Can't shake this guy off

48 replies

blahblah27 · 06/10/2020 14:12

There's this guy I met through mutual friends about a year ago. We are both 25. I was in a relationship at the time but I felt chemistry and attraction to him instantly. I didn't act on anything and put it down to a silly crush. I didn't see him for a few months.

Fast forward to march when I next saw him, I was no longer in a relationship. I could feel him staring at me an awful lot and he was pretty flirty. We start texting and calling each other all the way through lockdown, he would initiate conversations, start games for us to play etc, we were talking a looooot on the phone. Things got quite spicy and it got to the point where we were sending texts and a few pictures.
The only thing that put me off is how hot and cold he became - sometimes he was really hot, other times taking hours to reply, then sometimes he'd be talking about other girls he's slept with. His way of flirting appeared to be teasing me, which personally I don't mind but it was pretty much all the time. It annoyed me how unopen he was - sometimes he would have anxious bouts and he'd shut down and refuse to talk to me about it, then having a go at me for not giving him space and calling me annoying and flipping for asking if he's okay. I always found myself apologising.

After lockdown eased we decided to meet up (he lives 2 hours away) and we slept together. The sexual chemistry was unreal. But it ended pretty badly. I was in a really bad place and got a bit annoyed about something. He then told me he 'doesn't like sulkers' and it put him off me completely. We still spoke every now and then but nothing was the same.

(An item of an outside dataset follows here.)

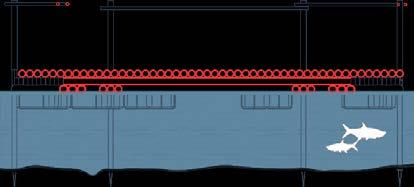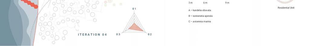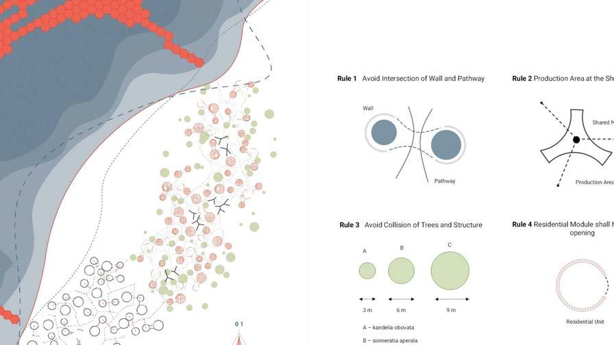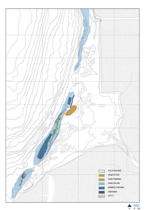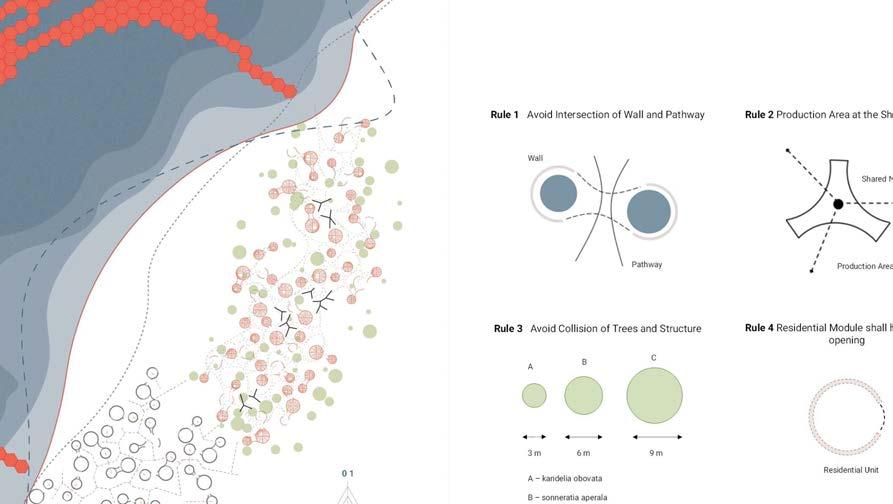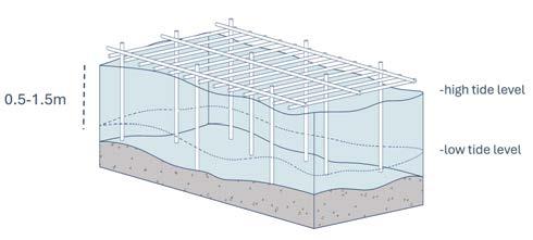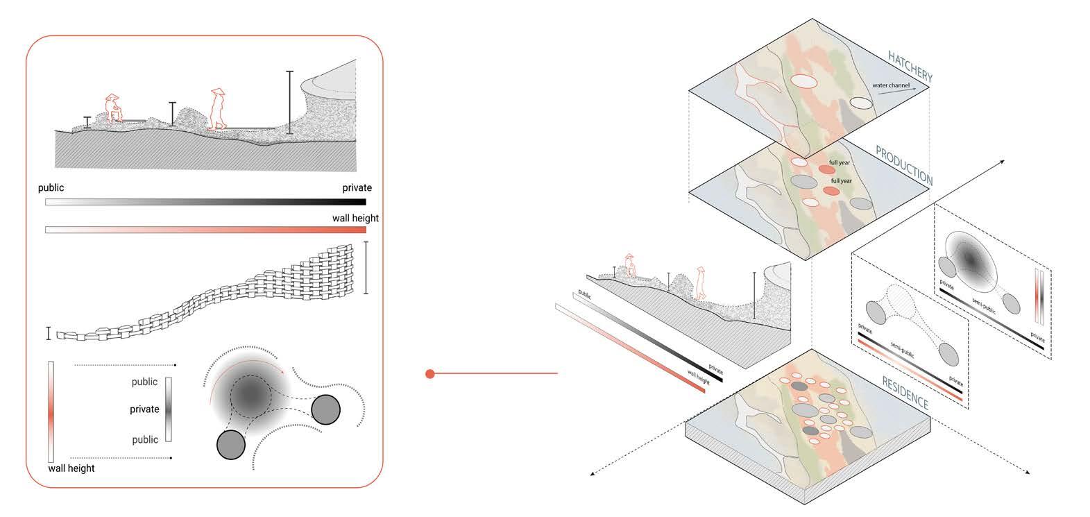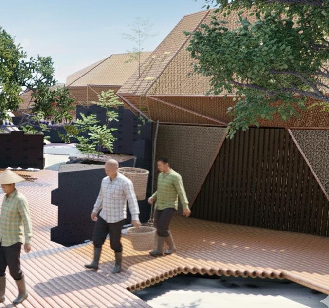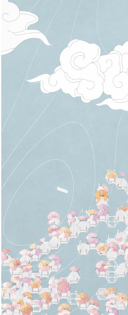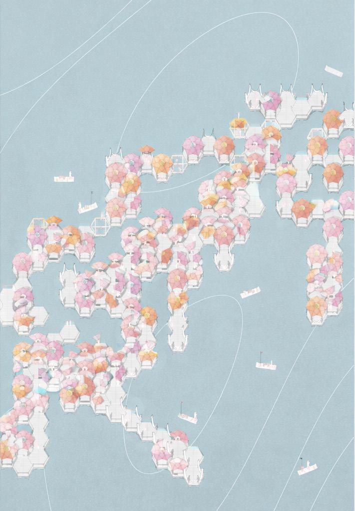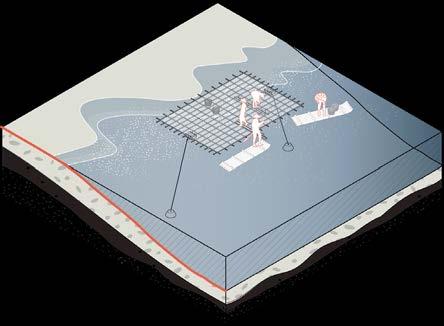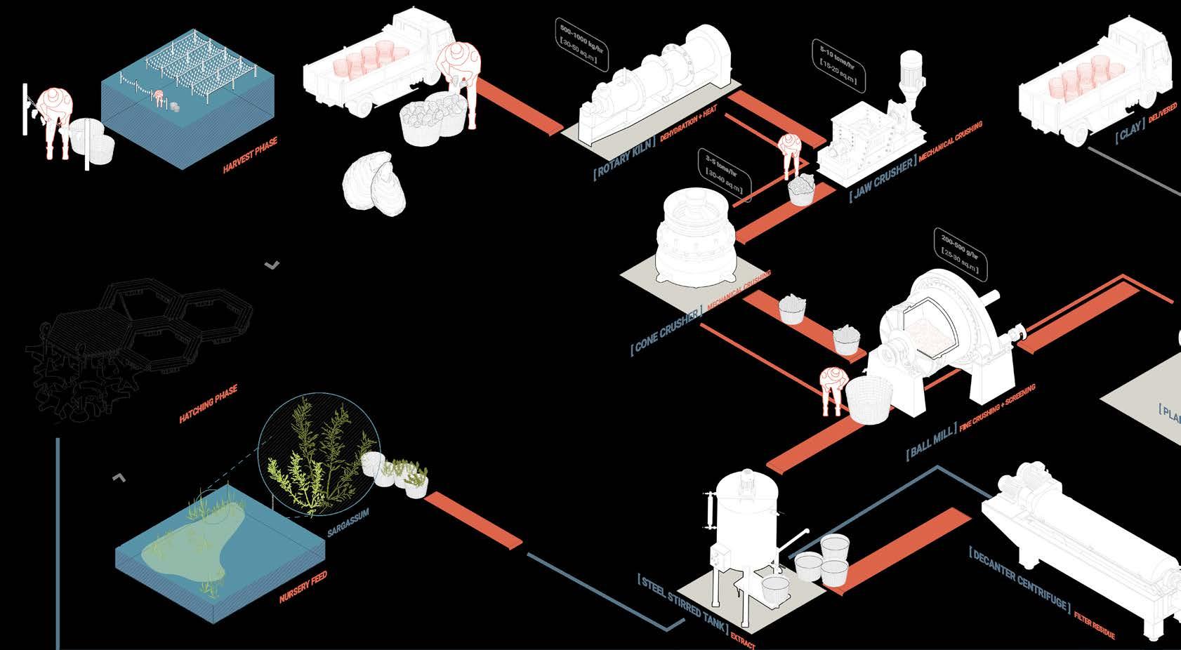 land-scouring. This is coupled with machine-learned, fluid-dynamics-informed simulations to test targeted underwater-erosion modules, introducing a performative infrastructural system that recalibrates underwater depths while supporting aquaculture, access and movement above water. A reconfigurable architectural spine emerges as both an ecological regulator and a social framework for work and seasonal use, dynamically adapting to varying requirements across the farming cycles, typhoon seasons and eco-tourism peaks, allowing spatial layouts to follow shifting depths.

This was April but every now and then we would still find eachother texting eachother. Everytime I've given time for the crush to die down, it really doesn't!!! This has carried on SO LONG. Everytime I decided not to talk to him anymore, we would end up messaging eachother a few weeks later.

Last week I asked if he fancies coming down for a weekend and he shut the idea down. He said it's too far away and that he's busy, so I offered to go to his instead. He asked me to stop messaging him because he's busy.
I did, and on Saturday he drunk texts me saying "I would come down if we like go for food or the pub or something". SO confusing. Anyway, I said it sounds good and he said he's up for it if we go out and whatever.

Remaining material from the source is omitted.